Yes I did get my parts from madisound, so far Ive cut and sanded everything
When I free aired everything, it sounded pretty good. The only complaint that I have is that the terminals that are on everything are really weak and have already broken one. Nothing soulder wont fix
Do you mean the terminals on the drivers. If so I always soldered mine w/ silver solder. If you mean the speaker binding posts, then you can always upgrade to nicer ones. When the weather breaks plus keep the photos comin'.
I mean the terminals on just about everything, they used the push on clip terminals on everything and one broke on the input on the crossover, and sounds like a deal on the photos:T
I have only soldered my internal wiring to the nubs on the drivers and also solder directly to x-over and directly to binding post, so I have never use the clips and have no experience w/ them. I wanted a solid connection where vibration would never be an issue so I only use silver solder.
I am almost done with the builds, just need to fix the grills and glue the ports in, tested one of them out and it sounds really good:T I would recommend these for the price!
I see you built 4 speakers and subs. Are you using for them in a HT set-up, and is there a 5th for a center channel?

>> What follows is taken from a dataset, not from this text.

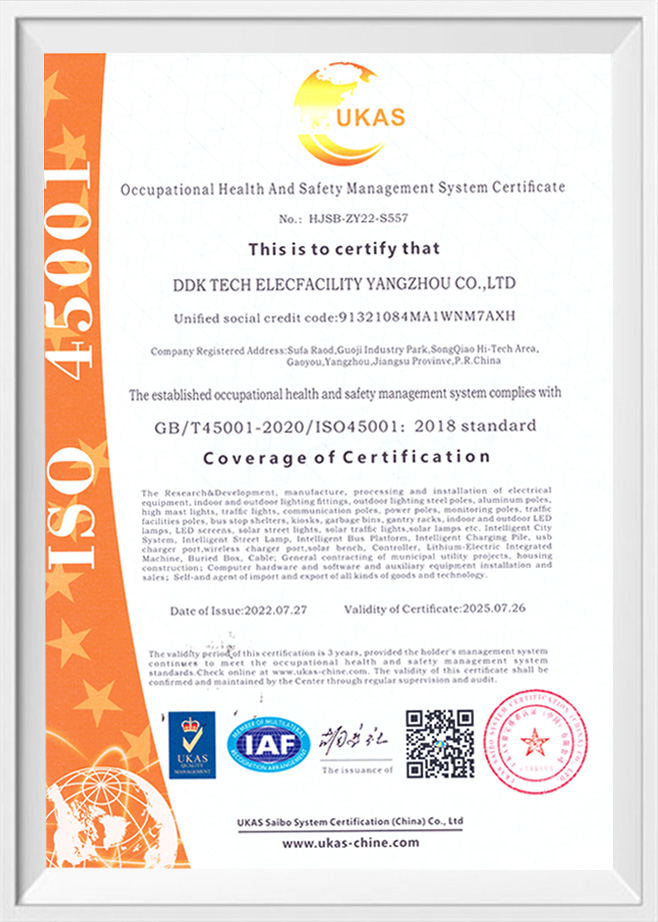 Established in 2018, DDK Tech Elecfacility Yangzhou Co., Ltd. is nestled in the Gaoyou High-Tech Industrial Park of Jiangsu Province, specializing in the manufacturing of outdoor lighting products. Our factory is renowned for producing a diverse range of lighting structures, including lamp poles, traffic poles, surveillance poles, high poles, tower poles, smart street lights, high-pressure sodium lamps, LED street lights, integrated solar lamp poles, solar LED street lights, aluminum alloy garden lamp poles, intelligent solar benches, solar trees, outdoor solar light boxes, and solar bus shelters. Among our innovative offerings are integrated flexible solar lamp poles and flexible solar courtyard lights, catering to the growing demand for flexible solar outdoor lighting solutions.

It is unusual that you ported them on the top with the tweeter to the right instead of mirror images, or the port in the rear w/ centered tweeters. What is your reasoning for your design?
Looking forward to reading about you impressions of their sound when you have them set-up in place.
well I am not building a 5th channel because my grandfather has no place to put it, he is going to ty to hide the speakers in thr room. Well I got the dimensions off of madisound, and with the dimensions the only place the port could fit was on top. As for the tweeter being off towards the right I just felt it would be safer to put it off towards the right when I was cutting the wood. Why is this going to affect the preformance of the speaker since its off towards the right?:huh:
Today and tomorrow I am going to be putting the ports in
Interesting.
I just looked at the Fountek kit with cabinet from Madisound and don't see that it has a port. https://www.madisound.com/store/product_info.php?products_id=8502
Yet the parts-only kit does include a port. https://www.madisound.com/store/product_info.php?products_id=8503
I'm wondering if the cabinet dimensions they included is for the sealed cabinet version and not the ported version. I would contact them, and if you have the dimensions for a sealed cabinet, you may be able to remove the port and cut a plug to glue into the hole. If it is their mistake, you can paint the top, sides, and bottom black to cover the patch and leave the front stained for a nice 2 toned look.
That is very interesting, either way from what I have listened to they sound really great so far!
But I will check into that, thanks for pointing that out!:T
I'm glad they sound great. I think they may be one of the best budget speakers for a HT or office system. Let us know what Madisound says about the cabinet size for the too long ports, and how your grandfather likes them in his system.
Interesting design with the top port. Will your grandfather be using these for 5.1 material and just leaving the centre out, or is it mainly stereo listening he'll be doing? I'm just concerned that you'll be left with a big hole in the front soundstage without one, if the subject material/processor settings think there is one. I think lots of receivers still have a "phantom" centre mode, which may help if you can't find a way to work something in, even an in-wall or something, just to have the sound covered.
its gonna be a bit harder to hear speech/hear dialogue in video games when theres no center. it is the channel that does 70% of the work. 25% surrounds, 5% sub, (unless your surrounds are horrible)
Well if it's only for casual gaming and things for the kids, you could always either use "phantom" mode I mentioned above, or even 4-ch stereo which should suitably impress the little fellas when they're blowing things up.
I've found that a phantom center works really well. Not as good as a real center but good none the less. I'm certain the kids will never know the difference.